So many options and so little time to test them all... I wonder if someone has experiences with distributed file systems for video streaming and storage/encoding.
I have a lot of huge video files (50GB to 250GB) that I need to store somewhere, be able to encode them to mp4 and stream them from several Adobe FMS servers. The only way to handle all this is with a distributed file system but now the question is which one??
My research so far tells me:
- Lustre: mature proven solution, used by a lot of big companies, best with >10G files is a kernel driver.
- Gluster: new, less mature, FUSE based that means easy to install but maybe slower due to FUSE overhead. Better to handle a large number of smaller files ~1GB
- MogileFS: seems to be only for small files ~MB, uses HTTP for access?? possible FUSE binding in the future.
So far Lustre seems the winner but I would like to hear real experiences for the particular application I have.
Also Hadoop, Redhat GFS, Coda and Windows DFS sound as options so any experiences are welcome. If someone has benchmarks please share.
After some real experience this is what I have learned:
- Luster:
- Performance: Amazingly fast! I can assert that Lustre can serve a lot of streams
and that encoding speed is not affected by accessing files via Lustre.
- POXIS compatibility: Very good!. No need to modify applications to use luster.
- Replication, Load Balancing and Fail Over: Very bad!. For replication load
balancing we and fail over we need to rely on other software such as virtual IPs
and DRDB.
- Installation: The worst!. Impossible to install by mere mortals. Requires a very
specific combination of kernel, lustre patches and tweaks to get it working. And
current luster patches usually work with old kernels that are incompatible with
new hardware/software.
- MogileFS:
- Performance: Good for small files but not usable for medium to large files. This is
mostly due to HTTP overhead since all files are send/receive via HTTP requests that
encode all data in base64 adding a 33% overhead to each file.
- POXIX compatibility is non existent. All applications require to be modified to use
mogilefs that renders it useless for streaming/encoding since most streaming servers
and encoding tools do not understand MogileFS protocol.
- Replication and failover out of the box and load balancing can be implemented in the
application by accessing more than one tracker at a time.
- Installation is relatively easy and ready to use packages exist in most distributions.
The only difficulty I found was setting the database master-slave to eliminate the
single point of failure.
- Performance: Very bad for streaming.

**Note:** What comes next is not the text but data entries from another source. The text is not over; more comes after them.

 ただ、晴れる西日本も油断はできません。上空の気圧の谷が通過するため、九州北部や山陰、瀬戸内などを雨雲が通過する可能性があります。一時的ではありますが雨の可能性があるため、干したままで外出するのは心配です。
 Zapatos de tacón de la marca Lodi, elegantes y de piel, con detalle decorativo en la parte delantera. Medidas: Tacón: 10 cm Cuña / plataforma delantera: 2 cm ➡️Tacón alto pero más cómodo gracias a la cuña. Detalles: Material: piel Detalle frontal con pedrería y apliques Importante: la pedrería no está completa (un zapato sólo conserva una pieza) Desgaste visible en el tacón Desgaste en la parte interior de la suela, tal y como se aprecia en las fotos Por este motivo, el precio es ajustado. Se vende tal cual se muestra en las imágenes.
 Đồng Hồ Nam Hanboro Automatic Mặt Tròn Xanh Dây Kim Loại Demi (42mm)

I cannot reach more than a few Mbps in a 10Gbps
network. Clients and Server CPU skyrockets on heavy writes. For encoding works because
the CPU is saturated before the network and I/O.
- POXIS: Almost compatible. The tools I use can access gluster mounts as normal folders in
disk but in some edge cases things start causing problems. Check gluster mailing lists and
you will see there are a lot of problems.

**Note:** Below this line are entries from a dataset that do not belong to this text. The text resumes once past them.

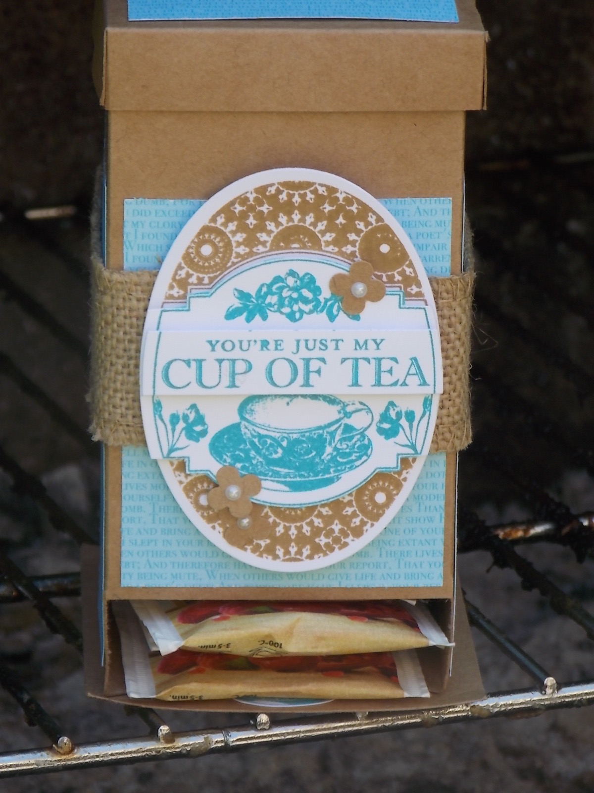 Ich habe leider vergessen eine Innenaufnahme zu machen. Die Box bietet Platz für 4 Teebeutel und ein paar Schokoriegel. Ich hatte mir direkt ein paar mehr gemacht, doch schwups waren sie auch schon weg. Nun heißt es bald ran ans Werk und neue Zaubern. Ich finde diese kleinen Mitbringsel einfach immer wieder gut.
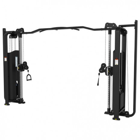 Тренажер предназначен для профессионального использования, он оснащен усиленной станиной размером 50х120 мм. Толщина профиля составляет 2,5 мм. Направляющие, которые регулируются по высоте, изготовлены из высокопрочного алюминия. На кроссовере установлена специальная защита стека и турника. Тренажер оснащен весовыми стеками, вес каждого по 80 кг. Они расположены с обеих сторон тренажера.
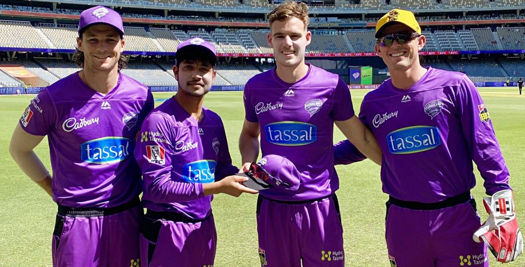 होबार्टका डार्सी सर्टले ४ ओभरमा २६ रन खर्चेर ३ विकेट लिए । सन्दीप लामिछानेले ४ ओभरमा २३ रन खर्चेर १ विकेट लिए ।
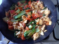 翻炒三分钟左右,放入小白菜,加少许生抽和油。
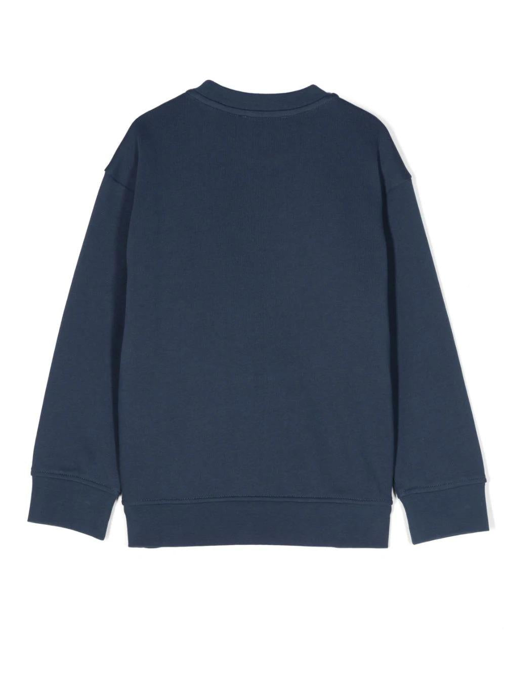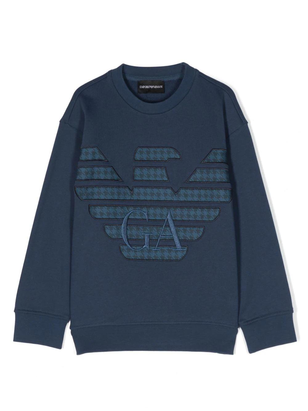 Emporio Armani Kids. Felpa con applicazione logo. Blu navy, cotone, applicazione frontale con logo, ricamo con logo frontale, maniche lunghe e girocollo. Composizione: cotone 100%, poliestere 100%
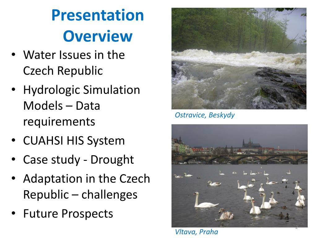 Presentation Overview • Water Issues in the Czech Republic • Hydrologic Simulation Models – Data requirements • CUAHSI HIS System • Case study - Drought • Adaptation in the Czech Republic – challenges • Future Prospects Ostravice, Beskydy Vltava, Praha
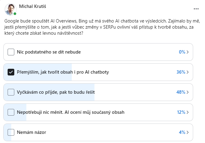 Zeptal jsem se anketkou na Facebookové SEO skupině. Velká část (48 %) z 25 hlasů vyčkává co bude. Přesto už se našlo jedinců, kteří o tom přemýšlí (36 %) a 3 hlasy ( 12 %) předpokládá, že generují dobrý AI obsah.
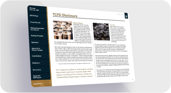 FNV: TSX | NYSE 93 TCFD Disclosure Iron Ore: Steel is essential to every aspect of modern life and is a key component for low-carbon technologies from electric vehicles to wind turbines. Known as a hard-to-abate sector having high emissions and energy-intensive production, the low-carbon development of the iron and steel industry will be crucial in the transition to a low-carbon economy and for the achievement of climate goals. Our company has exposure to low-carbon footprint iron ore operations and innovative operators through our equity ownership in Labrador Iron Ore Royalty Corporation (which has minority ownership of Iron Ore Company of Canada (“IOC”) and holds royalties over IOC’s operations in Newfoundland and Labrador) and our royalty debentures covering Vale’s Northern and Southeastern System operations in Brazil. IOC pellets and concentrate are high grade products with world leading low alumina and ultra-low phosphorus, beneficial to the iron and steel industry. These pellets are high quality with a clean chemistry, which helps to lower the carbon footprint, compared to lower quality grades and forms of iron ore, when used in the iron and steel industry. In early 2021, IOC announced an initiative that will explore the viability of transforming iron ore pellets into low-carbon hot briquetted iron, a low-carbon steel feedstock, using green hydrogen generated from hydro electricity in Canada. Vale supplies iron ore products that require less energy use in steel blast furnaces, reducing emissions. One example is its Brazilian Blend Fines, a blend of ores produced in Carajás and Minas Gerais, with a higher iron content and fewer contaminants. Vale has recently partnered with Kobe Steel and Mitsui & Co. with the objective to offer low-carbon solutions and technologies to the steel industry. Battery Metals: Technologies involved in the clean energy transition are emerging and advancing rapidly through innovation and increased deployment. According to a 2020 World Bank Report * , the production of certain battery metals will have to increase by nearly 500% by 2050 to meet the growing demand for clean energy technologies and over 3 billion tonnes of these minerals and metals will be needed to deploy wind, solar and geothermal power, as well as the energy storage required to transition to a low-carbon economy. While most of the global demand for nickel is for the production of stainless steel, nickel sulphate, a highly purified nickel compound that helps deliver higher energy density in lithium-ion batteries, extending the driving range for electric vehicles, is expected to become the second largest application for nickel in 2030. Our company has royalties on nickel projects, including Mount Keith nickel mine in Australia, Eagle’s Nest deposit in the Ring of Fire in Ontario, Canada and Crawford Nickel-Cobalt project in Ontario, Canada. These projects are poised to benefit from increasing demand for nickel and we expect to see more opportunities to finance nickel and other battery metal projects both domestically and abroad. * “Minerals for Climate Action: The Mineral Intensity of the Clean Energy Transition”, World Bank Group, 2020. “Our company has royalties on nickel projects, including Mount Keith nickel mine in Australia, Eagle’s Nest deposit in the Ring of Fire in Ontario, Canada and Crawford Nickel-Cobalt project in Ontario, Canada.”

- Replication, Failover and Load balancing: The best! if they actually worked. Gluster is
very new and it has a lot of bugs and performance problems.
- Installation is too easy. The management command line is amazing and setting replicated,
striped and distributed volumes among several servers can not be any easier.
Final conclusion:
Unfortunately the conclusion is "No single silver bullet".

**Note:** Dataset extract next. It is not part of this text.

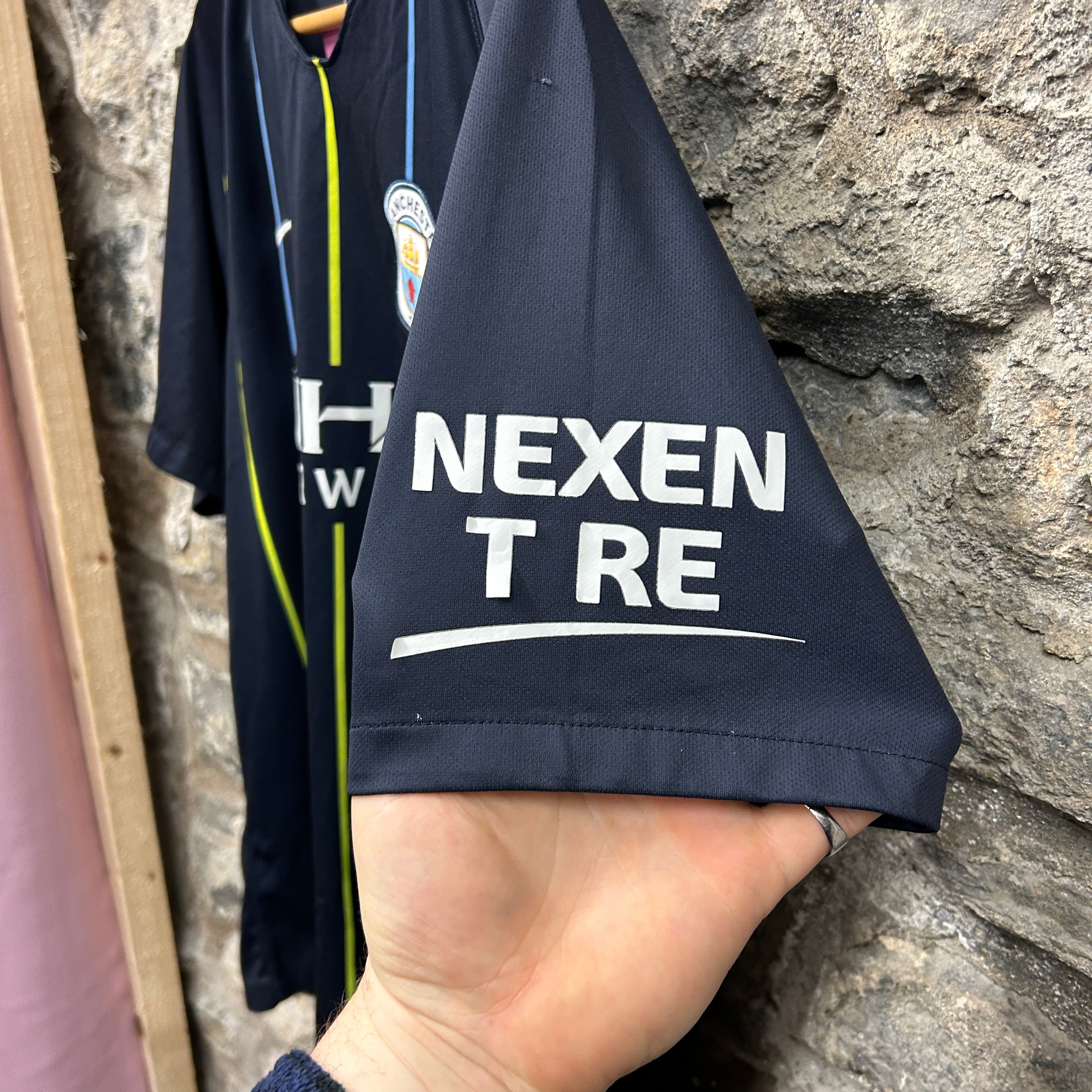 Product details: Manchester City Nike football shirt in dark navy with vertical pinstripes in sky blue and neon yellow. V-neck raglan cut with woven/embroidered club crest on chest, white Nike swoosh, large ETIHAD AIRWAYS sponsor print, and NEXEN TIRE sleeve sponsor. Authenticity patch at hem shows season marking “2018”. Lightweight performance knit/mesh feel; shop swing tag notes size XL and approx measurements A=57cm, L=76cm. Brand: Nike.| Label Size | |

Currently we have our media files in Gluster3.2 in a replicated volume for storage and transcoding. As long as you don't have a lot of servers, avoid geo-replication and stripe volumes things work ok.
When we are going to stream the media files we copy them to a lustre volume that is replicated to a second lustre volume via DR:DB. The wowza server then read the media files from the lustre volumes.
And finally we use MogileFS to serve the thumbnails in our web application servers.